Kondisi air yang menggenangi jalan di Pemangkat karena hujan deras dan air pasang besar. ANTARA/Galih.

Sejak sore kemarin dan tadi malam hujan deras, belum lagi air pasang besar
Pontianak (ANTARA) - Hujan deras yang mengguyur Kabupaten Sambas, Kalimantan Barat, sejak Rabu (18/11) ditambah kondisi pasang besar mengakibatkan sejumlah lokasi jalan dan rumah warga terendam banjir.

"Sejak sore kemarin dan tadi malam hujan deras. Belum lagi air pasang besar sehingga ada genangan air dan banjir," ujar Kepala Pelaksana Badan Penanggulangan Bencana Daerah (BPBD) Kabupaten Sambas, Yudi saat dihubungi di Sambas, Kamis.

Ia mencontohkan daerah yang terendam banjir yakni Desa Serindang, Kecamatan Tebas. Sejak malam tadi terjadi genangan banjir di jalan dan halaman rumah warga sekitar 30 - 40 cm.

Baca juga: Tim SAR cari dua pemain voli yang tenggelam di Sungai Sambas Besar

"Banjir di daerah tersebut selain karena hujan deras dan pasang besar juga ada kiriman air dari wilayah Kabupaten Bengkayang," katanya.

Ia menambahkan selain di Desa Serindang juga terjadi banjir di daerah Kecamatan Pemangkat. Di pusat kota kecamatan tersebut banjir karena hujan deras yang melanda sejak sore kemarin dan air pasang.

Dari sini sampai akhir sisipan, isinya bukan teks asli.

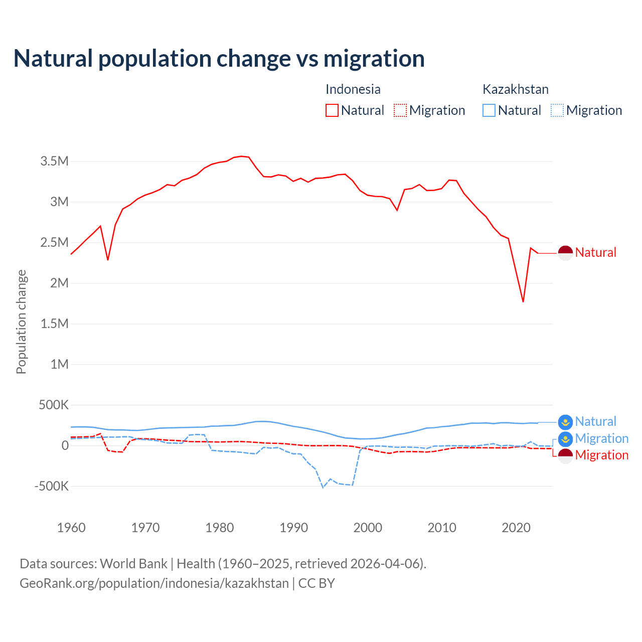 Over the last 10 years, 98.9% of the population change in Indonesia is from natural causes (a gain of 25,242,860 people) and 1.1% is from migration (a loss of 280,258 people). In Kazakhstan 98.7% is from natural causes (a gain of 2,743,094 people) and 1.33% is from migration (a gain of 36,908 people).
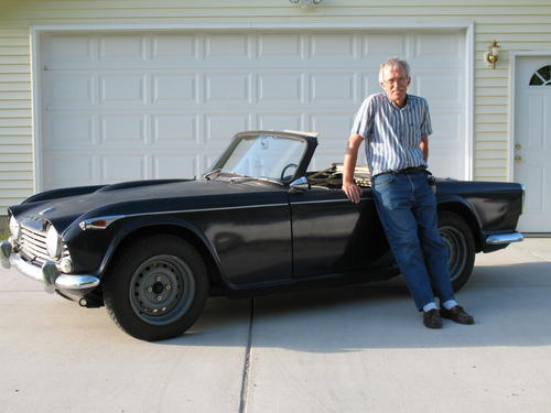 I first got back into English sports cars when a friend asked me to team up and import 2 Minis from England. Once I had my Mini on the road another friend kept urging me to attend their MG Club meetings. The club is great & soon I was looking for an MG. I found a red '77 "B" and have been enjoying the car & the club ever since.The first "decent" car I owned (following 2 or 3 clunkers after high school) was a 1960 TR-3; powder blue w/white top. I currently have a TR-3 resto candidate-original powder blue paint! I bought the TR-4A in the picture about 1 year ago. It is in driving condition & I am having alot of fun (on dry days. It doesn't have a top yet.)
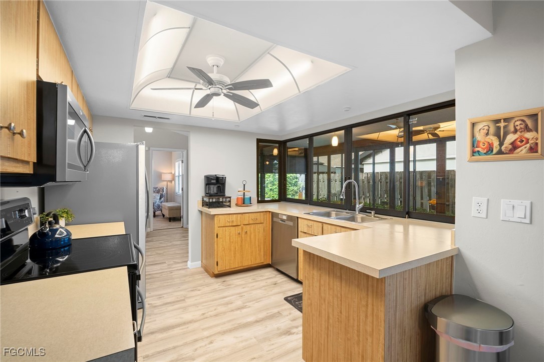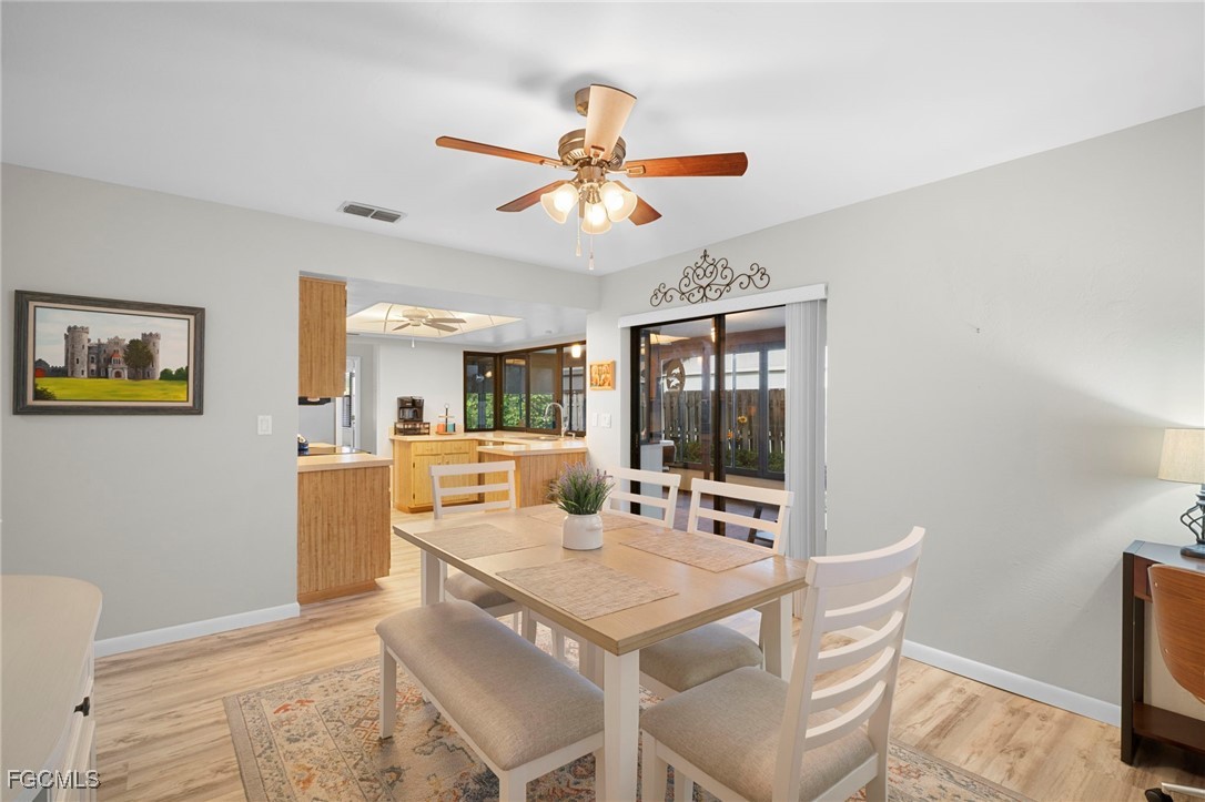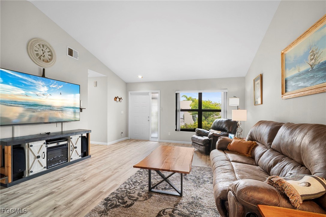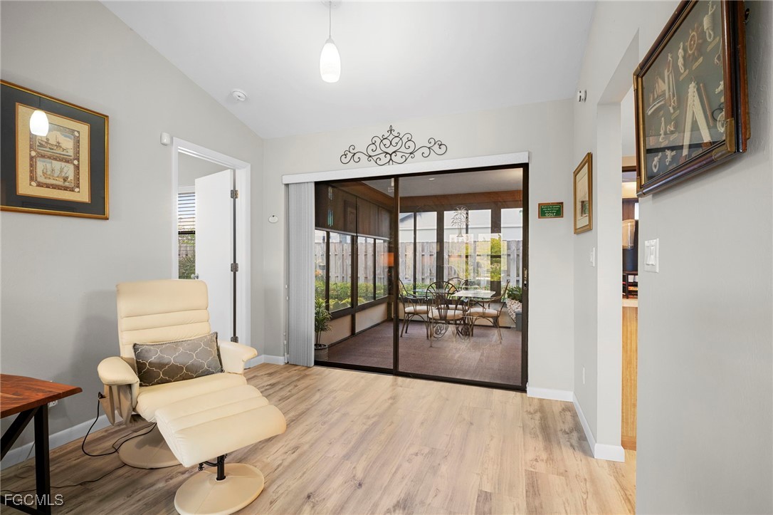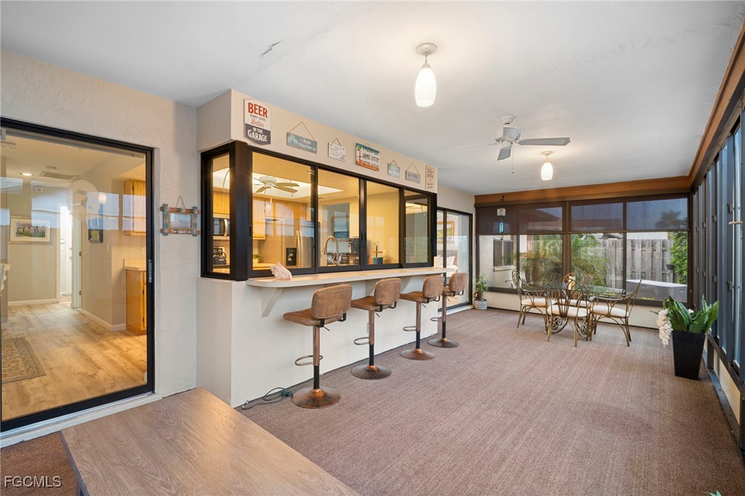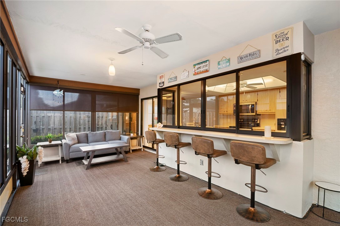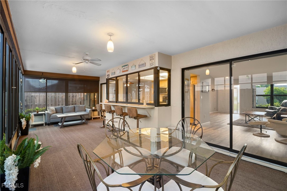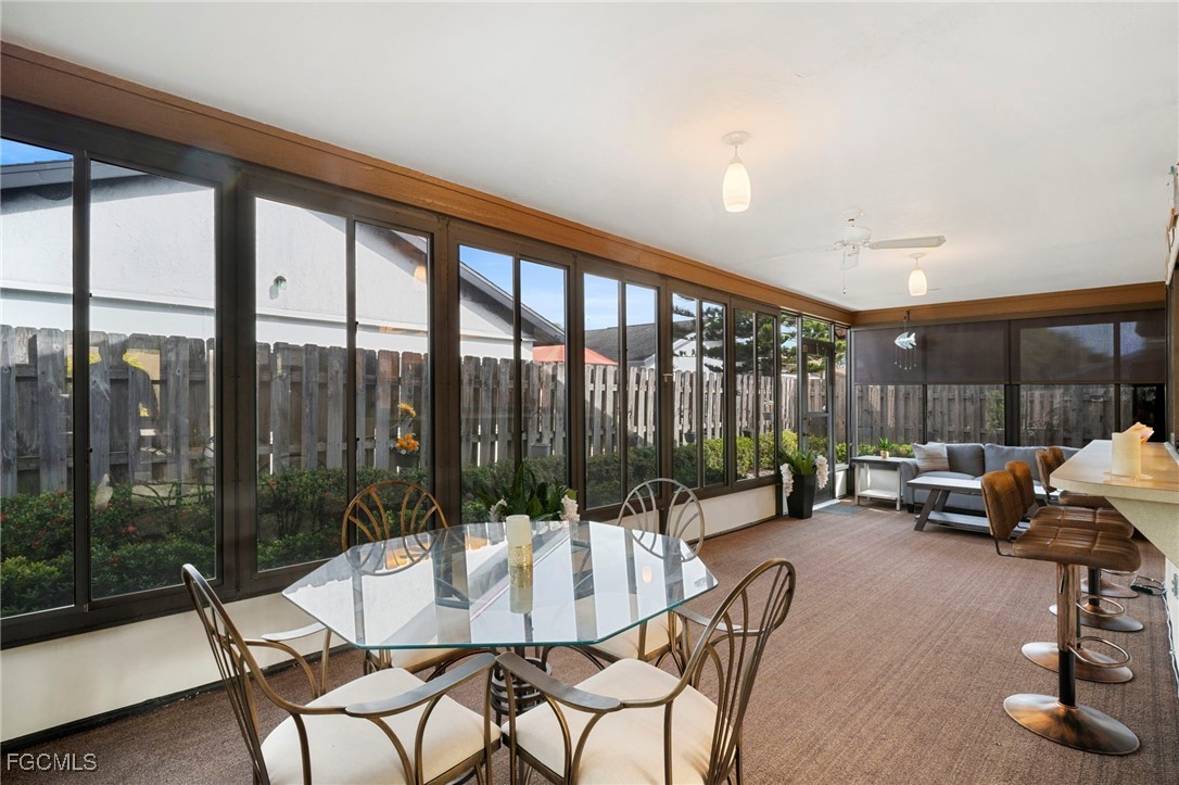 NEW ROOF 2023. The Split-bedroom floorplan is ideal for entertaining or just family living with extended living room and a separate dining room. The large, centralized kitchen has generous counters and cupboards with large sliding pass-thru windows to the lanai/FL room. Luxury vinyl flooring flows throughout the living areas and bedrooms. No Carpet here. Spend your days, evenings or nights entertaining or relaxing in the expansive, Glassed in lanai/FL room. Open the windows for the screened lanai experience. Back yard is FENCED and low-maintenance with decorative stone landscaping for effortless upkeep year-round. Beautifully updated bathrooms and convenient indoor laundry room with sink and cupboards. The large two car garage features additional pull-down screen. In real estate, location is everything and you have that here in this LOW FEE HOA neighborhood with Community Pool and Clubhouse overlooking a lake. Nestled between College Pkwy and Cypress Lake, near McGregor, you are so close to restaurants, shopping, historic Downtown Ft. Myers and Cape Coral and the Beaches. WALKING DISTANCE to Ruttenburg Park with Tennis, Baseball, Basketball, Football, Playground and much more.
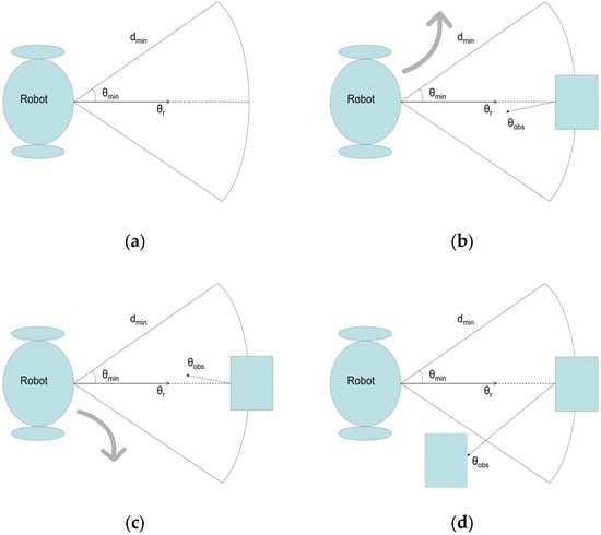Robot Obstacle Avoidance Strategies. (a) The mobile robot’s angle detection range; (b) the mobile robot accelerates to the left to bypass obstacle; (c) the mobile robot accelerates to the right to bypass obstacle; (d) non-head-on conflict.

"Banjir yang terjadi di Pemangkat disebabkan juga adanya penyumbatan pada saluran pembuangan penampungan air PDAM. Genangan air tidak berlangsung lama," kata dia.

Baca juga: Pemprov Kalbar berupaya tekan lajunya deforestasi dan degradasi hutan

Dari kejadian banjir di Pemangkat masyarakat secara gotong - royong melakukan pembersihan saluran dan aliran air menjadi normal.

"Tadi malam juga Pjs Bupati Sambas, BPBD, Dinsos Polpp, kecamatan, Polsek dan Koramil Pemangkat serta kompi melakukan peninjauan di lokasi saluran pembuangan dan penampungan air PDAM. Dinas teknis akan melakukan pengecekan dan mencarikan solusi untuk mengatasinya," kata dia.

Baca juga: Danau Sentarum meluap, desa di perbatasan RI-Malaysia terendam banjir

Belum lama ini BPBD Sambas merilis ada 36 desa di Kabupaten Sambas yang rawan banjir. Dari 36 desa itu, terdapat 13 desa dengan rawan tinggi, 20 dengan rawan sedang dan 3 dengan potensi rawan rendah.

Warga Pemangkat, Galih membenarkan bahwa sejak sore kemarin hujan deras mengakibatkan daerahnya banjir dan air menggenangi jalan.

"Hujan dari sore kemarin deras dan pasang. Belum lagi ada yang tersumbat sehingga banjir," kata dia.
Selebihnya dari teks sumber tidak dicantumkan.